[Records]

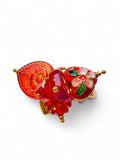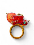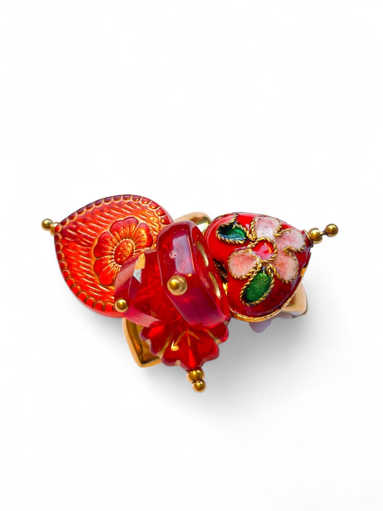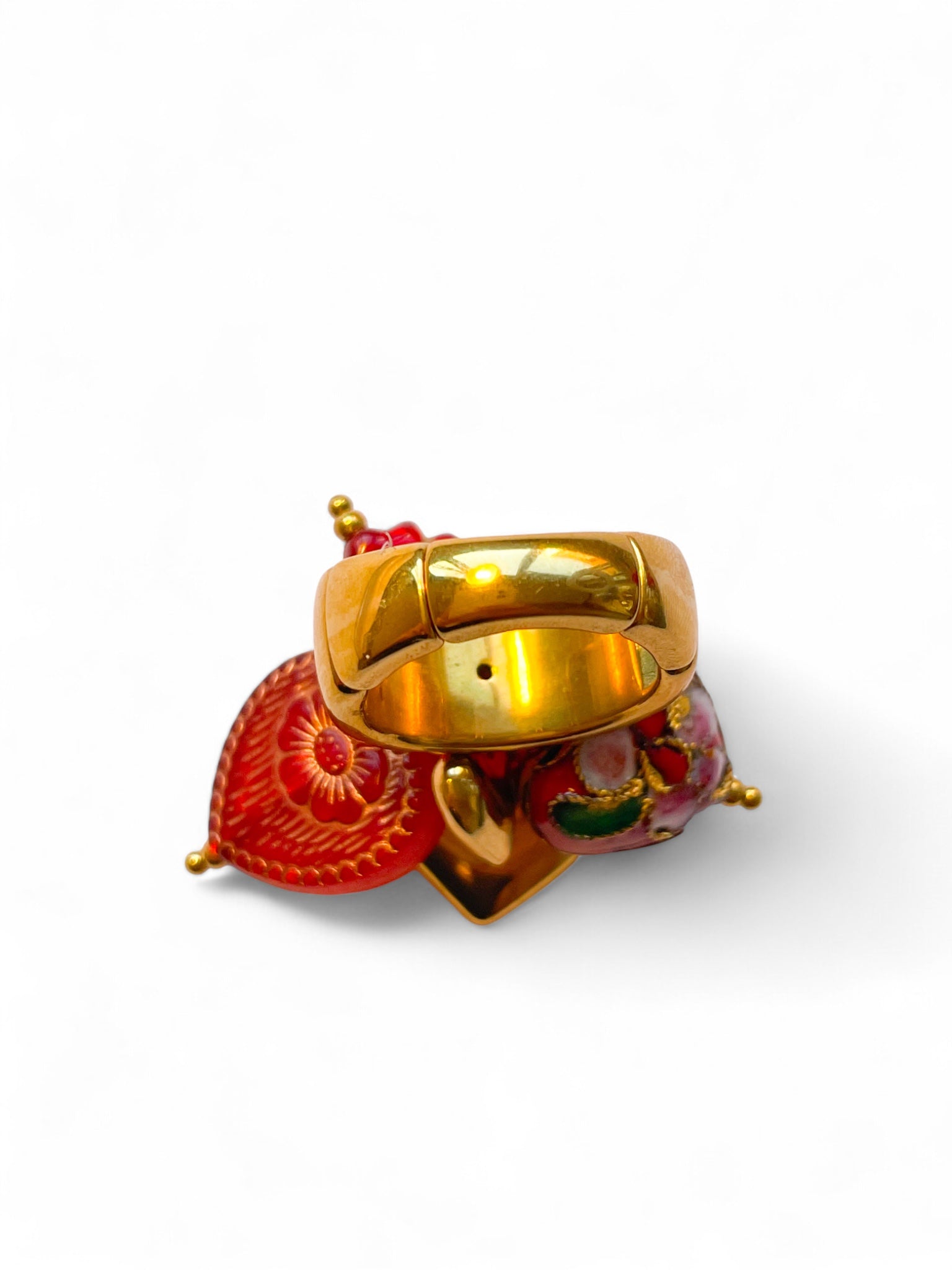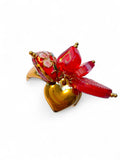 - Bague élastique ornée de breloques rouges et dorées en forme de cœur, pour une touche romantique et originale.
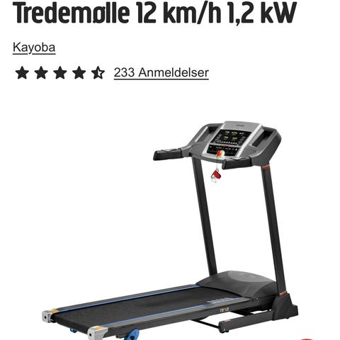 Kayoba tredemølle i sammenleggbar utførelse. Tredemøllen har elektronisk konsoll med display og betjeningsknapper for start, stopp og justering. Løpebåndet kan felles opp for å spare plass ved lagring. Egnet til innendørs kondjonstrening og gange eller lett løp hjemme.
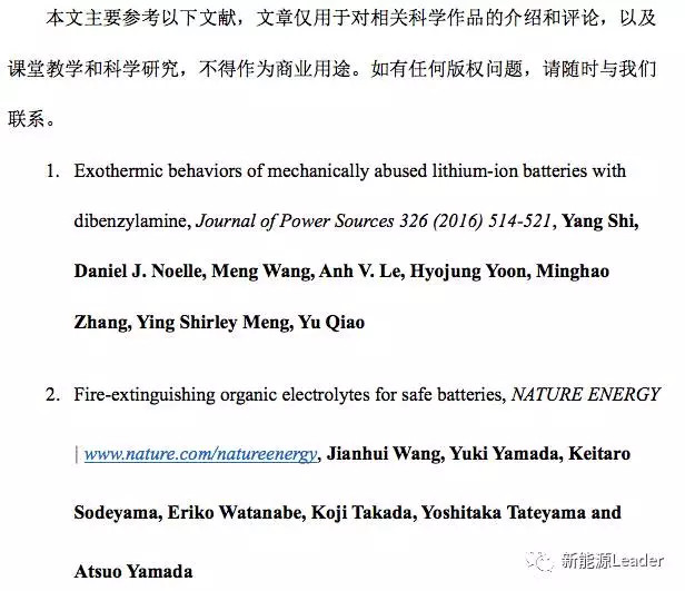鋰離子電池由于電勢(shì)較高,因此只能使用有機(jī)電解液,導(dǎo)致電解液具有較高的可燃性,這也是人們質(zhì)疑鋰離子電池安全性的重要原因。電解液阻燃劑并不是新的發(fā)明,只不過(guò)是因?yàn)樽枞紕┘尤霑?huì)嚴(yán)重的影響鋰離子電池的電化學(xué)性能,為此在商業(yè)電解液中很少添加阻燃劑。為了同時(shí)兼顧電化學(xué)性能和阻燃性能,科研人員提出了多種方法,例如我們之前就曾經(jīng)報(bào)道過(guò)美國(guó)加州大學(xué)圣迭戈分校的科研人員就提出了將阻燃劑DBA(二芐胺)采用膠囊包裝的形式,添加到電解液之中,在電池遭受到機(jī)械擠壓時(shí),阻燃劑DBA能夠快速釋放到電解液之中,阻斷鋰離子電池的電化學(xué)反應(yīng),而在正常使用過(guò)程中DBA被封鎖在膠囊中,不會(huì)對(duì)鋰離子電池的電性能產(chǎn)生影響【1】。
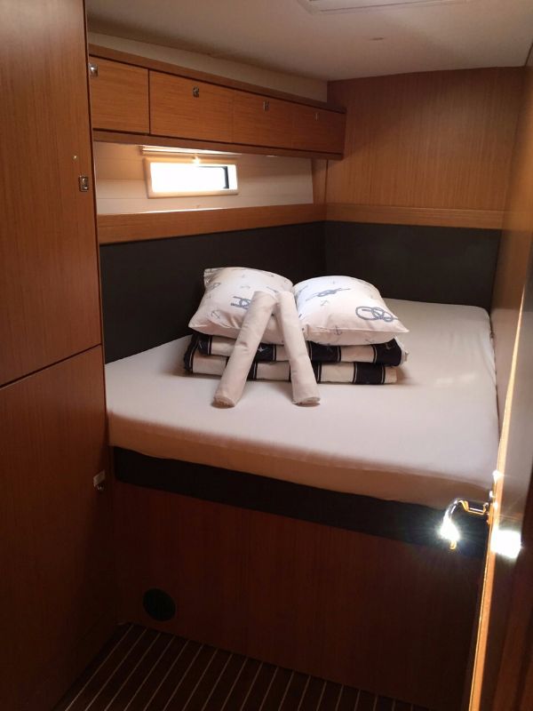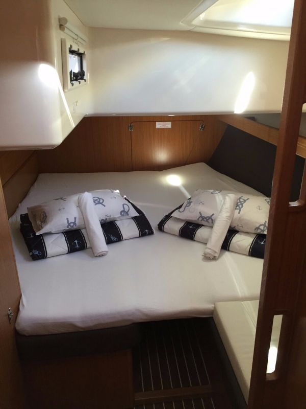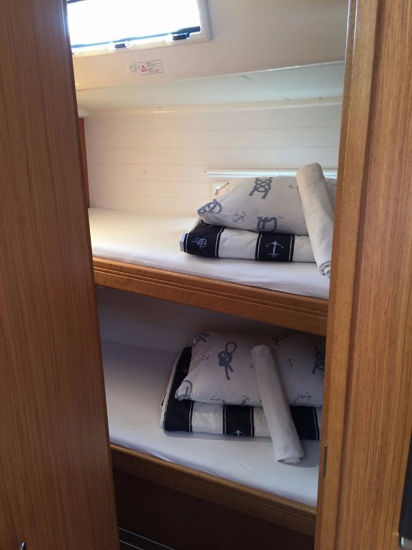 | Navigation | Barometer, Fernglas, GPS mit Kartenplotter im Cockpit, Hafenhandbücher, Handpeilkompass, Navigationsbesteck, Seekarten, Tridata (Log, Echolot, Windm.) |
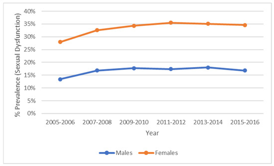 In this nationally representative cohort, we found that between 2005–2016, sexual dysfunction increased 25% for males and 22% for females. This increase trend has been reflected in research conducted in various populations previously. We also found that females have a higher percentage of sexual dysfunction than males. According to a previous cross-sectional study, researchers found that females experience more (43% vs. 31%) sexual issues than males [25]. Additionally, while Li et al. [26] found that mental dysfunction has an impact on sexual frequency, Davis et al. [27] found that the common denominator between the connection of chronic diseases and poor sexual health is chronic inflammation, which may be counteracted through higher sexual frequency. Finally, researchers found that there is a strong connection between CVD and sexual behavior due to increased inflammation that simultaneously affects both [28,29].

[/Records]

(Your assignment):
Would you print all of the entries exactly, omitting any image?

(Solution for this exercise):
 - Bague élastique ornée de breloques rouges et dorées en forme de cœur, pour une touche romantique et originale.
 Kayoba tredemølle i sammenleggbar utførelse. Tredemøllen har elektronisk konsoll med display og betjeningsknapper for start, stopp og justering. Løpebåndet kan felles opp for å spare plass ved lagring. Egnet til innendørs kondjonstrening og gange eller lett løp hjemme.
鋰離子電池由于電勢(shì)較高,因此只能使用有機(jī)電解液,導(dǎo)致電解液具有較高的可燃性,這也是人們質(zhì)疑鋰離子電池安全性的重要原因。電解液阻燃劑并不是新的發(fā)明,只不過(guò)是因?yàn)樽枞紕┘尤霑?huì)嚴(yán)重的影響鋰離子電池的電化學(xué)性能,為此在商業(yè)電解液中很少添加阻燃劑。為了同時(shí)兼顧電化學(xué)性能和阻燃性能,科研人員提出了多種方法,例如我們之前就曾經(jīng)報(bào)道過(guò)美國(guó)加州大學(xué)圣迭戈分校的科研人員就提出了將阻燃劑DBA(二芐胺)采用膠囊包裝的形式,添加到電解液之中,在電池遭受到機(jī)械擠壓時(shí),阻燃劑DBA能夠快速釋放到電解液之中,阻斷鋰離子電池的電化學(xué)反應(yīng),而在正常使用過(guò)程中DBA被封鎖在膠囊中,不會(huì)對(duì)鋰離子電池的電性能產(chǎn)生影響【1】。
 | Navigation | Barometer, Fernglas, GPS mit Kartenplotter im Cockpit, Hafenhandbücher, Handpeilkompass, Navigationsbesteck, Seekarten, Tridata (Log, Echolot, Windm.) |
 In this nationally representative cohort, we found that between 2005–2016, sexual dysfunction increased 25% for males and 22% for females. This increase trend has been reflected in research conducted in various populations previously. We also found that females have a higher percentage of sexual dysfunction than males. According to a previous cross-sectional study, researchers found that females experience more (43% vs. 31%) sexual issues than males [25]. Additionally, while Li et al. [26] found that mental dysfunction has an impact on sexual frequency, Davis et al. [27] found that the common denominator between the connection of chronic diseases and poor sexual health is chronic inflammation, which may be counteracted through higher sexual frequency. Finally, researchers found that there is a strong connection between CVD and sexual behavior due to increased inflammation that simultaneously affects both [28,29].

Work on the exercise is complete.